Translational and Applied Analysis of What Makes Differential Reinforcement of Other Behavior Work
(Applied Research)
JUSTINE HENRY (The Scott Center for Autism Treatment; Florida Ins), Michael E. Kelley (The Scott Center for Autism Treatment; Florida Institute of Technology), Aurelia Ribeiro (The Scott Center for Autism Treatment; Florida Institute of Technology)

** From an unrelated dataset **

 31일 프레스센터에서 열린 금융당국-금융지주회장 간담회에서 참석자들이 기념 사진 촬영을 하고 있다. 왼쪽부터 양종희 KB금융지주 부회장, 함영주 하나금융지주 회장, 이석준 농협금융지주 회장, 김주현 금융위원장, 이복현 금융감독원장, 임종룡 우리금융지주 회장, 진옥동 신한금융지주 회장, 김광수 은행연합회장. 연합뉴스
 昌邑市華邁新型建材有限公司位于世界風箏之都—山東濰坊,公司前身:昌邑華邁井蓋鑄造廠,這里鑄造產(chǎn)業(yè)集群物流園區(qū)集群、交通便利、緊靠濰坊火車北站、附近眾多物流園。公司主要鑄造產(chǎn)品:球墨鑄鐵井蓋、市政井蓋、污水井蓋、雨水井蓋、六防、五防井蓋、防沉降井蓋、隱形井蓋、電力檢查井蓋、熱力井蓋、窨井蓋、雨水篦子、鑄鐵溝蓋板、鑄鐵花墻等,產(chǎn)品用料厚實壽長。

Abstract: Reinforcement of Other Behavior (DRO) is commonly used to treat problem behavior, particularly when maintained by automatic reinforcement. When problem behavior is maintained by automatic reinforcement, the efficacy of DRO depends upon the extent to which the alterative stimuli compete with the automatic reinforcer. Children diagnosed with autism participated in two experiments. In Experiment 1, we conducted a translational analysis of highly (HP), medium (MP), and lowly (LP) preferred stimuli to assess the extent to which HP and LP stimuli reduced behavior maintained by MP stimuli when used in the context of a DRO. MP stimuli simulated an automatic reinforcer. In Experiment 2, we conducted competing items assessments, and compared the efficacy of items that did and did not compete with automatically maintained behavior. Results demonstrate that the efficacy of DRO depends upon the relative preference of reinforcers and the manner in which the contingencies are arranged.
Comparing Resetting to Non-Resetting DRO Procedures to Reduce Stereotypy in a Child With Autism
(Applied Research)
CHANA GEHRMAN (Florida Institute of Technology; The Scott Center for Autism Treatment), David A. Wilder (Florida Institute of Technology), Alex Forton (The Scott Center for Autism Treatment; Florida Institute of Technology ), Kristin M. Albert (Florida Institute of Technology; The Scott Center for Autism Treatment)

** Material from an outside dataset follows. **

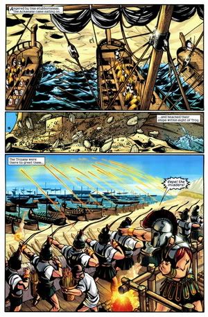 Ну и для тех, кто интересовался, - вышел второй из пяти комиксов про Троянскую войну. Греки наконец-то высадились у стен враждебного города, так что последующие части обещают быть особенно насыщенными на сражения (“Так лишь на битву построились оба народа с вождями, Трои сыны устремляются, с говором, с криком, как птицы” и т.д.):

Abstract: We compared a resetting to a non-resetting differential reinforcement of other behavior (DRO) procedure to reduce stereotypy exhibited by young boy with autism. During the resetting DRO, a reinforcer was delivered contingent upon the absence of stereotypy during the DRO interval. If stereotypy occurred, the DRO interval was immediately reset. The non-resetting DRO procedure was identical, except that contingent upon stereotypy, the DRO interval continued until it expired; a new DRO interval then began. Results indicate that the DRO procedures were equally effective to reduce stereotypy, but the participant preferred the resetting DRO procedure.